Балабанов ‹…› материализует радикальную мысль о том, что пространство в России всегда играло более существенную роль, чем время. Оно может сколь угодно меняться — с 1984 года на 2008, но пространство останется прежним. И поэтому естественно, что смерть в «Грузе 200» — прежде всего пространственная категория. Это не момент времени, не окончание человеческой жизни, а некая константа, лучший гарант стабильности. Образ идеального постоянства, при котором не может произойти ничего нового, невозможны изменения, исключено реальное движение, а все видимые события сводятся к бессмысленному пинг-понгу из причин и следствий, абсолютно равнодушных друг к другу, происходящих машинально и при этом произвольно. С одной стороны, Балабанов выстраивает идеальную сюжетную конструкцию, в которой все друг с другом намертво закольцовано и нет ничего случайного, все работает с точностью и неумолимостью часового механизма, а с другой, — он обессмысливает историческую — во всех смыслах — логику, которой руководствуются герои и зрители. Профанирует ее при помощи своей режиссерской интонации: никого из героев не жалко, и никто — ни зрители, ни персонажи — не испытывают катарсиса. В конечном счете, радикализм «Груза 200» состоит в холодном, как бы остывшем, но оттого невероятно точном и кристально чистом взгляде на то, что большинство людей называют, защищаясь, «адом других», словно этот ад не имеет к ним никакого отношения. В некотором роде Балабанов вернул его нам в первозданном виде. Восстановил связь времен или, вернее, пространств, неосмотрительно оборванную в девяностые, когда всякий клеймил советскую эпоху, забывая при этом, что сам является ее частью. ‹…›

В «Грузе 200» по-настоящему пугают не сцены насилия и жестокости, сделанные, как и весь фильм, на тончайшей грани между натурализмом и условностью — в правдоподобно-картонном стиле, которым Балабанов владеет блестяще (см. «Жмурки»). Ошарашивает режиссерская отвага, позиция и ум в предъявлении и советской реальности, и мифов о ней. Эти качества проявляются не только в отсутствии ностальгии, но и в отсутствии какой-либо «тоски по лучшей жизни». Поэтому «Груз 200» со всем его зашкаливающим физиологическим ужасом, со всей его концентрированной тошнотой (тошнотой во всех смыслах слова) не является «чернухой» с ее невнятицей, инфантильной тоской по лучшим временам и бунтом против проклятого прошлого, судорожными попытками отмежеваться от него. Напротив, Балабанов сохраняет недюжинное хладнокровие и ни на секунду не дает усомниться в фатальной преемственности и связи то ли разных, то ли все-таки одинаковых времен.
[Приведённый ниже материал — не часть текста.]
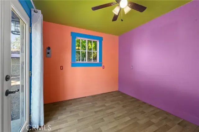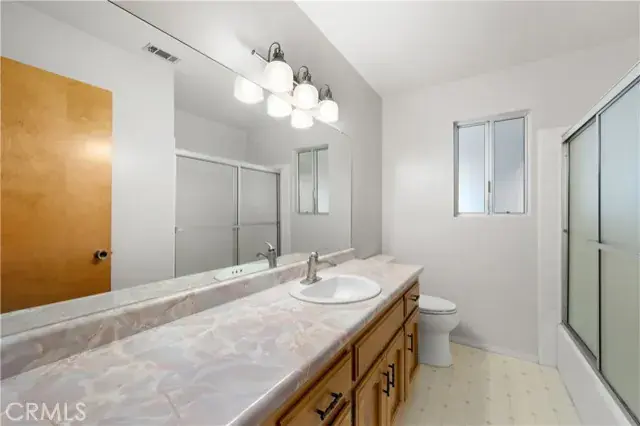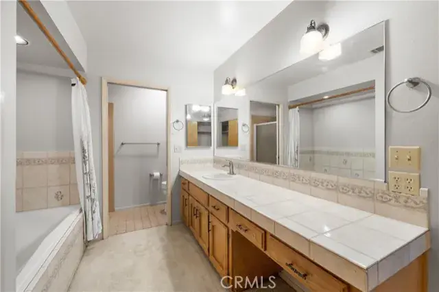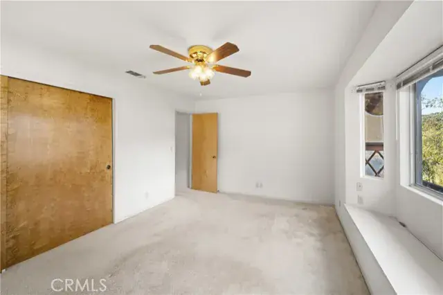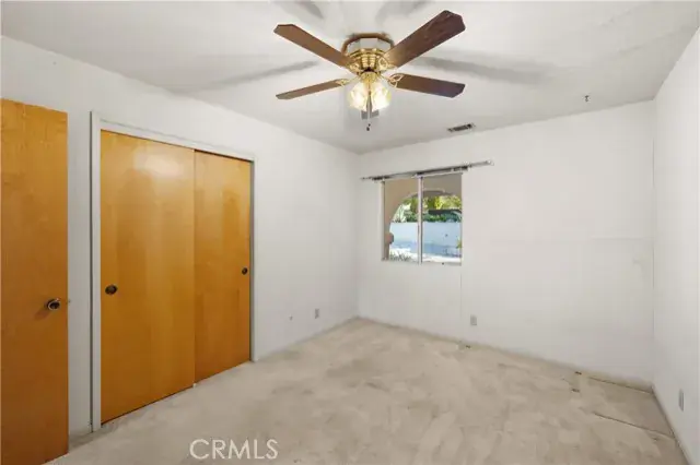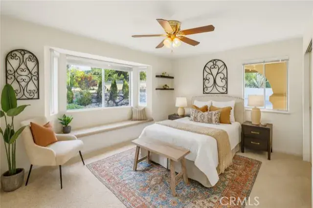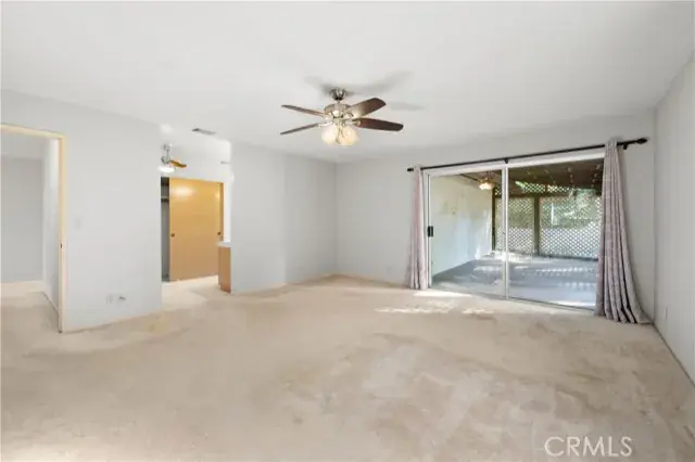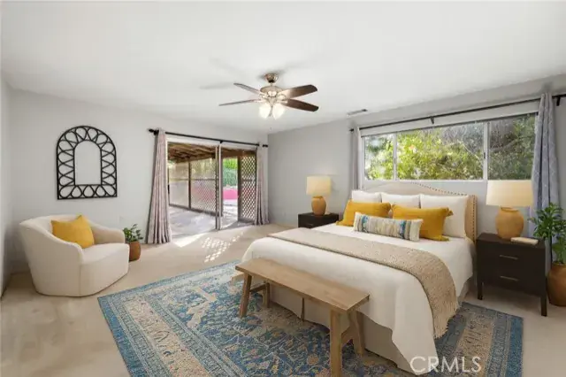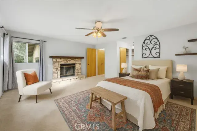 The primary suite includes its own stone fireplace and sliding doors that open to a private patio and the backyard. Two additional bedrooms and a full guest bath complete the home’s comfortable layout.

Операция, проведенная Балабановым, прямо противоположна тому, что делают с восьмидесятыми его западные коллеги, видящие в них если не «конец прекрасной эпохи», то переломный момент, после которого наступает что-то кардинально другое, а не повторяется «то же самое» в новой форме. ‹…›

В «Грузе 200» есть желание сказать последнее, бескомпромиссное слово об эпохе, поставить точку, подвести черту, вспомнить все, чтобы больше никогда не вспоминать. Но в этом смысле фильм работает «от противного» — воздействие картины Балабанова и вызванный ею резонанс исчерпывающе свидетельствуют о том, что она производит обратный эффект, противоположный ее внутренней механике. Мир «Груза 200» — это по-прежнему наша жизнь.

Гусятинский Е. Нулевые и восьмидесятые: наследование по прямой //Сеанс. 2008. № 35/36.